Another development that could push the field closer toward a "rectangular" model of biomarker discovery is the move of high-resolution instruments into the clinic. In a recent interview, Ravinder Singh, director of the Mayo Clinic Endrocrine Laboratory, noted that while his lab still relies mainly on triple quadrupoles, it has increased its use of high-resolution accurate mass instruments, which offer advantages in terms of accuracy and specificity.
Cost is currently a limiting factor, but Singh said that were money not an issue, he would prefer to do all his lab's clinical testing on HRAM instruments.
This is notable from the perspective of biomarker discovery in that HRAM instruments are able to collect discovery data on patient samples while simultaneously running a given clinical assay. Singh said that his lab gathers discovery data on a subset of patient samples and that while he is currently limited by data storage and analysis considerations, ideally he would like to run every sample "in a mode where I collect all the information on every sample."
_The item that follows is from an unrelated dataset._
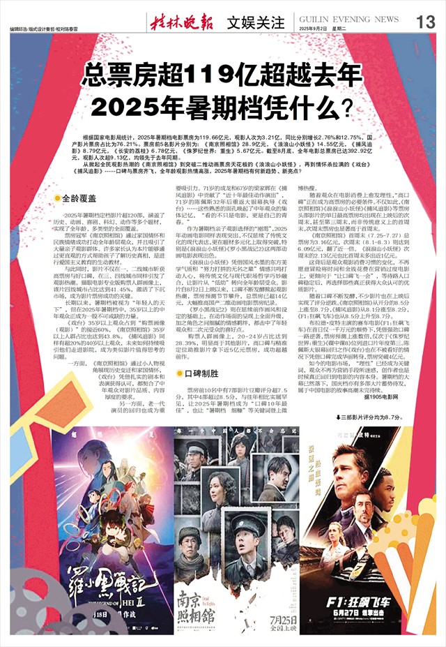 从掀起全民观影热潮的《南京照相馆》到突破二维动画票房天花板的《浪浪山小妖怪》,再到情怀杀拉满的《戏台》《捕风追影》……口碑与票房齐飞,全年龄观影热情高涨,2025年暑期档有何新趋势、新亮点?

Geyer said that this sort of approach is "exactly what [he and his co-authors] have in mind."
"If you have [HRAM] mass specs in the clinic, the mass spec has much more time than it needs [to measure the target analytes], so it can do thousands of [additional] measurements and you can collect much more information," he said.
"We always say to ourselves, imagine if you could profile [the plasma proteomes] of all the hospital patients in a city like Munich," he added. "You could get data on protein [levels] and combine that with information on their disease state or other clinical values in a database, and you could do so many things with that."